アガサ・クリスティーハロウィーン・パーティ』を読む。中村能三訳。ハヤカワ・クリスティー文庫(2003.11)。昨年のハロウィーン前後に一度読んだが、順番が回ってきたので改めて読む。前回はポアロ世界にまだ慣れておらず、話のややこしさもあって途中で迷子になったが、今回は愉しく読めた。

 

事件の裡には過去のコールドケースが四件くらい隠されている。

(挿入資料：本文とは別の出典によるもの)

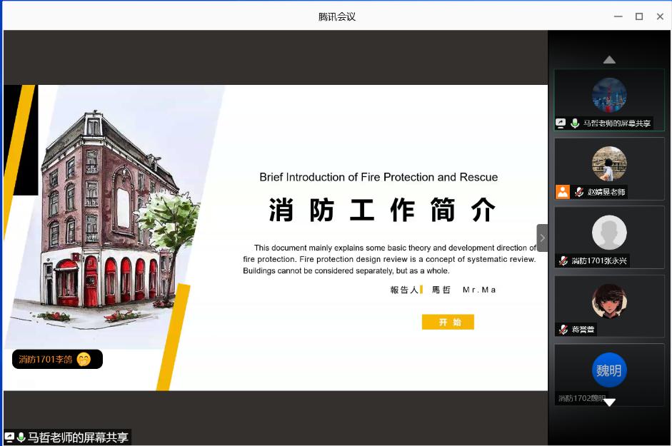 9月14日,消防救援系在线举行消防专业讲座,邀请原上海市消防局高级工程师马哲为学生做题为《消防工作简介》的专题讲座。消防救援系副主任赵婧昱主持讲座,消防工程17级、18级、19级全体学生聆听了报告。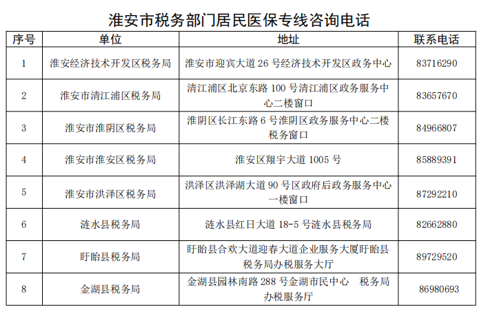 淮安市税务部门居民医保专线咨询电话:

以前に殺人現場を見たことがある、と吹聴していた女の子が殺される、と云うポアロのなかでもとりわけ痛ましい事件で、『死者のあやまち』と『マギンティ夫人は死んだ』を重ね合わせたようなお話、といったところか。女の子には虚言癖があり、真実かどうかの疑わしいなかポアロは捜査を進める。信頼できない語り手ならぬ、信頼できない被害者、目撃者である。


ポアロもクリスティーも年を重ね、シリーズもこの後期のころは少し捻った展開が多く、いろいろ模索していたようにおもわれるが、この小説は原点回帰!と云った印象で、正統なミステリとしての味わいがある。やはりポアロは関係者の証言を聞いて回って、過去を掘っていく話が合っている。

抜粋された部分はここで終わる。